平日朝の時間を過ごし始めた半地下のカフェで、同じ時間を過ごす人たちの存在感がじわじわと伝わってくる。
開店してすぐのカフェに入ろうとするぼくと1番目の客を争うのは、黒いジャンパーのおじさんで、歳は70代前半か。
半地下カフェは駅から地上に上がる階段途中にあるが、黒いジャンパーのおじさんは吹き下ろす冷たい風を避けるように階段下で開店時間を待つ。おじさんの横を通って階段を上がり、毎朝開店時間ピッタリにカフェに着くぼくは大抵1番目の客で、おじさんはぼくの後ろ姿を見て2番目の客としてカフェに入ってくる。

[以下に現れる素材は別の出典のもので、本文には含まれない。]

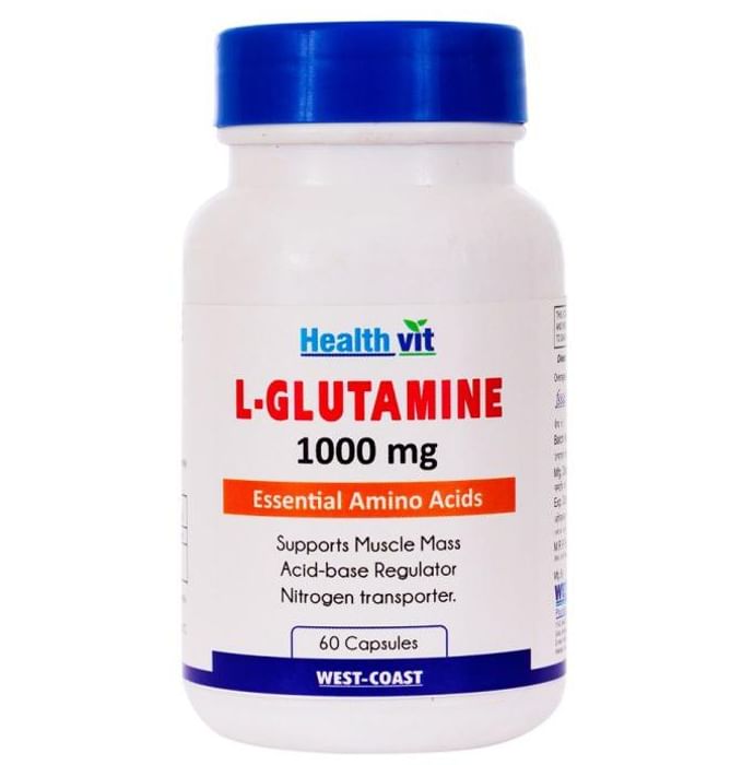 HealthVit L- Glutamine 1000mg Capsule Healthvit L-Glutamine 1000mg capsule contains L-glutamine as its active ingredient. Key benefits of Healthvit L-Glutamine 1000mg capsule: It is necessary for rapidly dividing cells, including those of the gut and immune system. The function of glutamine in stimulating glycogen synthase, the enzyme which controls the synthesis and storage of glycogen fuel in muscles and liver. Direction for use: As a dietary supplement for adults, take 1 or 2 tablet daily between meals, or as directed by health practitioner. Safety information: Pregnant, nursing women or individual taking any medications, consult the doctor before use. No artificial colour, flavours or preservative added, no chemical solvents. Use under medical supervision.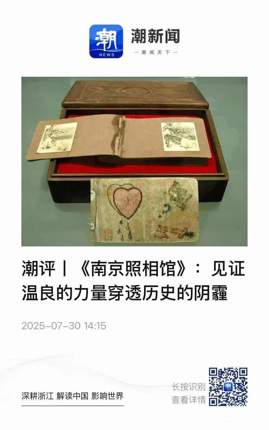 浙江日报:《潮评丨〈南京照相馆〉:见证温良的力量穿透历史的阴霾》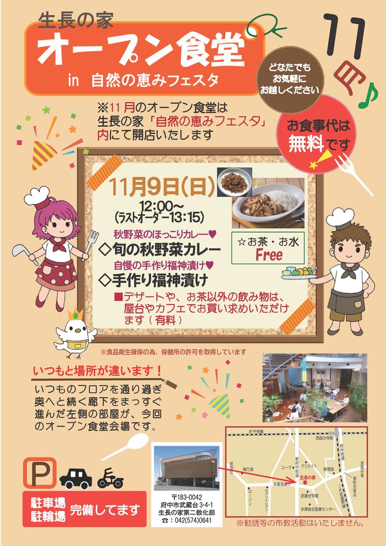 11月のオープン食堂は9日。自然の恵みフェスタ2025内にて、いつもより早い11:00から開店します。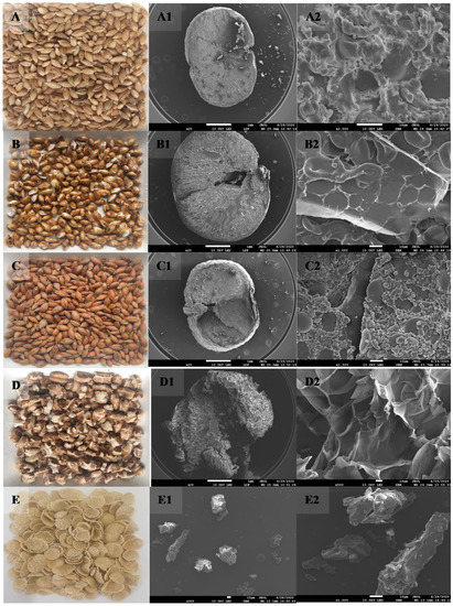 SEM of highland barley after processing by different thermal treatments. (A): Untreated (CK); (B): Sand-roasting (SR); (C): Far-infrared Baking (FB); (D): Steam Explosion (SE); (E): Extrusion (EX).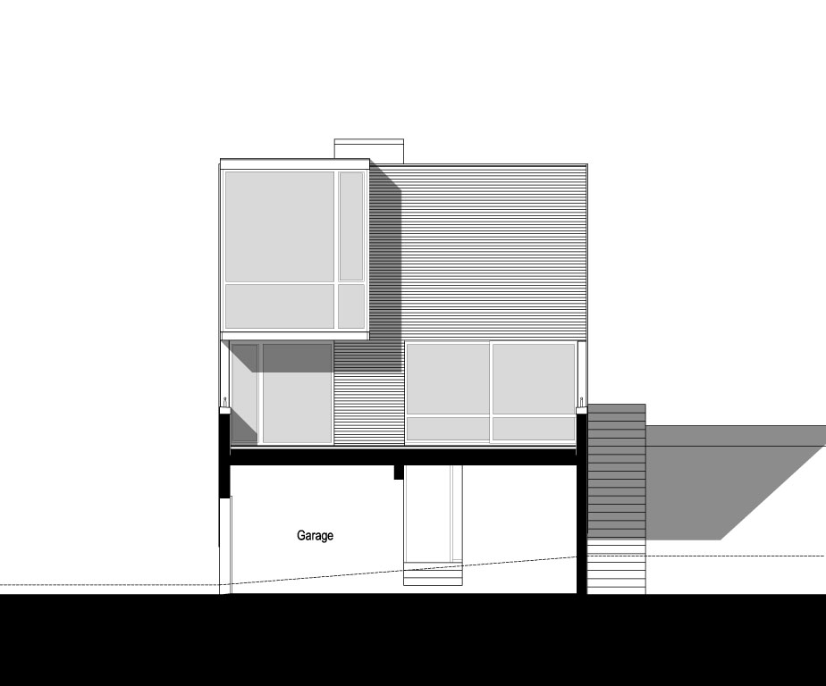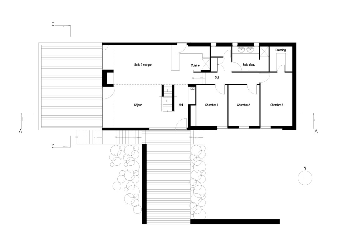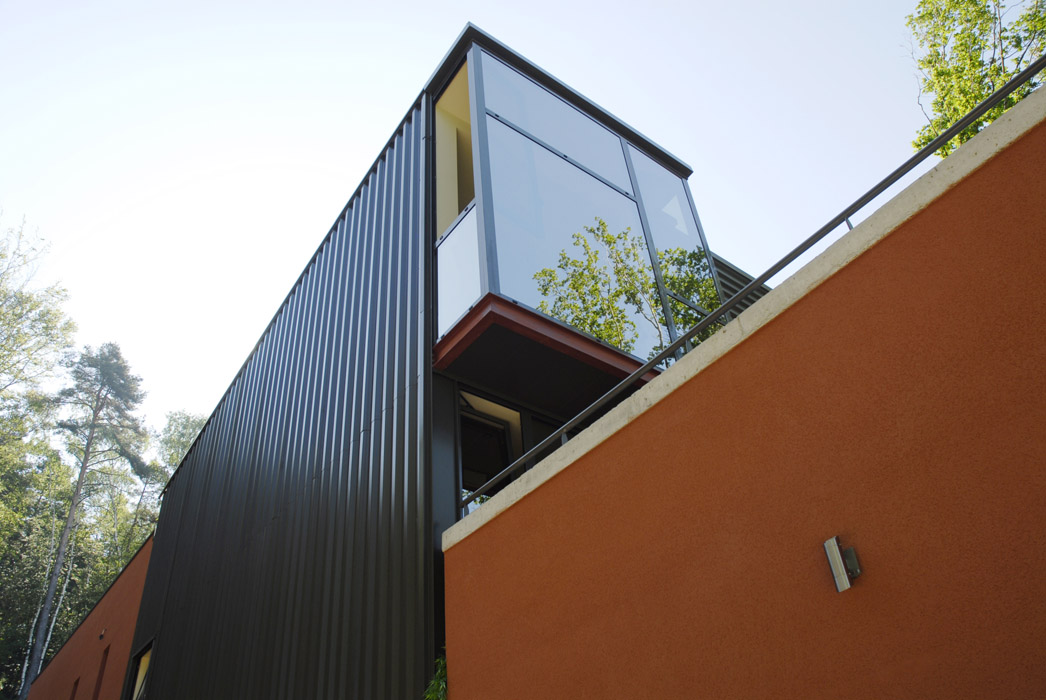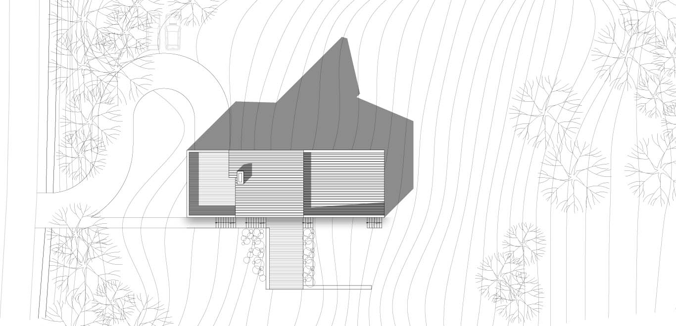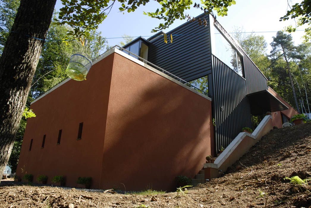 Le projet a pour objet la création d’une maison implantée en lisière de bourg à proximité de parcelles fortement boisées. La maison s’adapte à la déclivité du terrain : un jeu de différences de niveaux permet à tous les étages de l’habitation une sortie de plein pied dans le jardin. Une large terrasse en mélèze surplombant le bourg prolonge le séjour et la salle à manger à la manière d’un belvédère. Le volume volontairement contemporain et le toit sont recouverts d’un bardage acier gris anthracite pour les espaces de vie, alors que l’espace des chambres ainsi que le volume du garage seront en maçonnerie enduite de couleur rouge.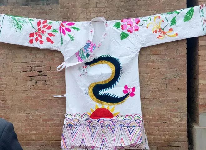 靠着五颜六色的丝线点缀,肥料袋子做成的龙袍也有了几分韵味。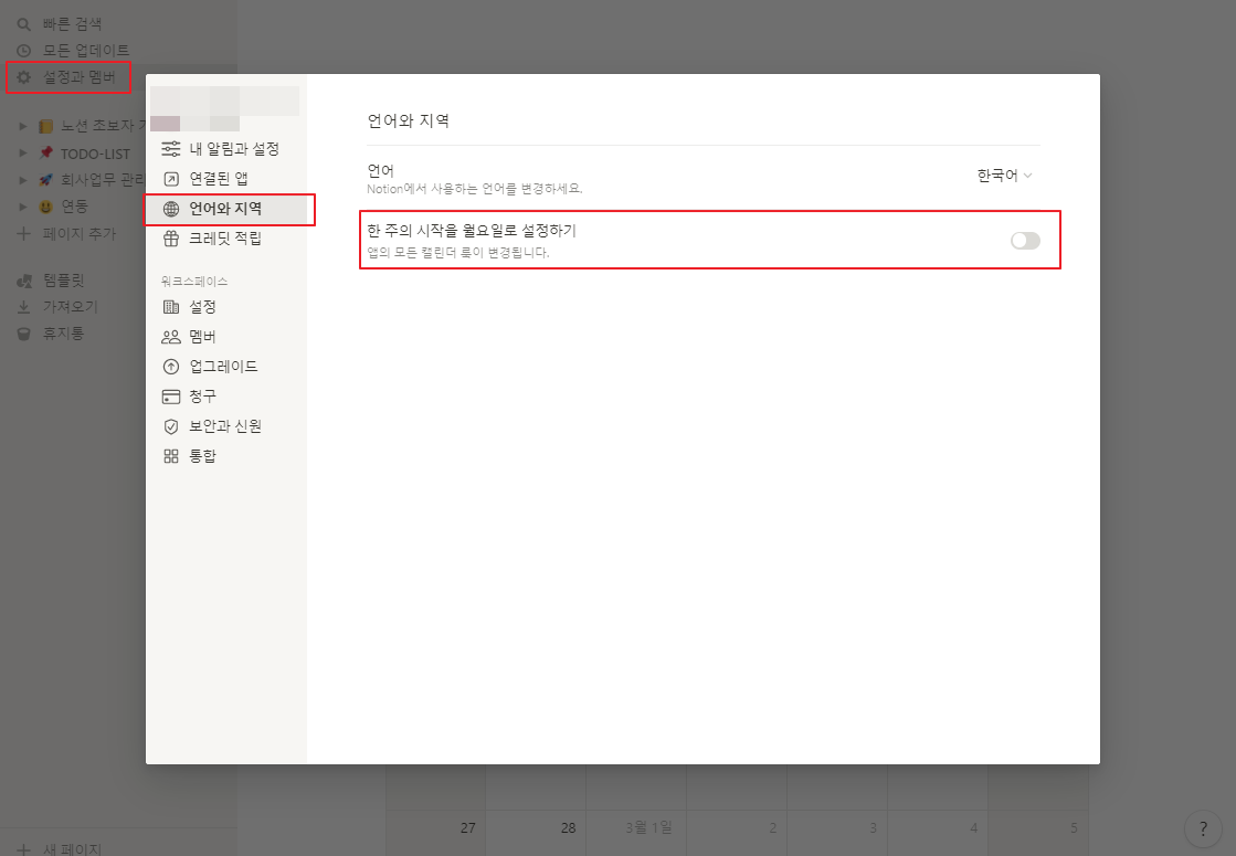 🤔노션 달력(캘린더) 시작 요일 변경하는 방법

レジで精算を済ませた後、珈琲を受け取ったぼくは、仕切られた喫煙スペースを右にみて通路を歩く。禁煙スペースに入ってすぐ左手前奥の2人掛けテーブル席の壁付けされたソファーに座る。
黒いジャンパーのおじさんは、ぼくが座るテーブル席の右横の4人掛けテーブル席に、いつもぼくと並ぶようにしてソファー側に座る。小さな背中を丸めて足を組み、何ごとかを呟きながら昨日の朝も新聞を読んでいた。
今朝は用事があったのか、朝起きることができなかったのか、違うカフェに向かったのか、半地下カフェに黒いジャンパーのおじさんはやって来ない。
タイピングした文字数を確認してポメラを閉じる。ぬるくなった珈琲を飲み干した角度で首のあたりが痛んだ。痛みがやや広がっている。8時を過ぎた今も、四人掛けテーブル席には誰も座らない。黒いジャンパーのおじさんはやって来なかった。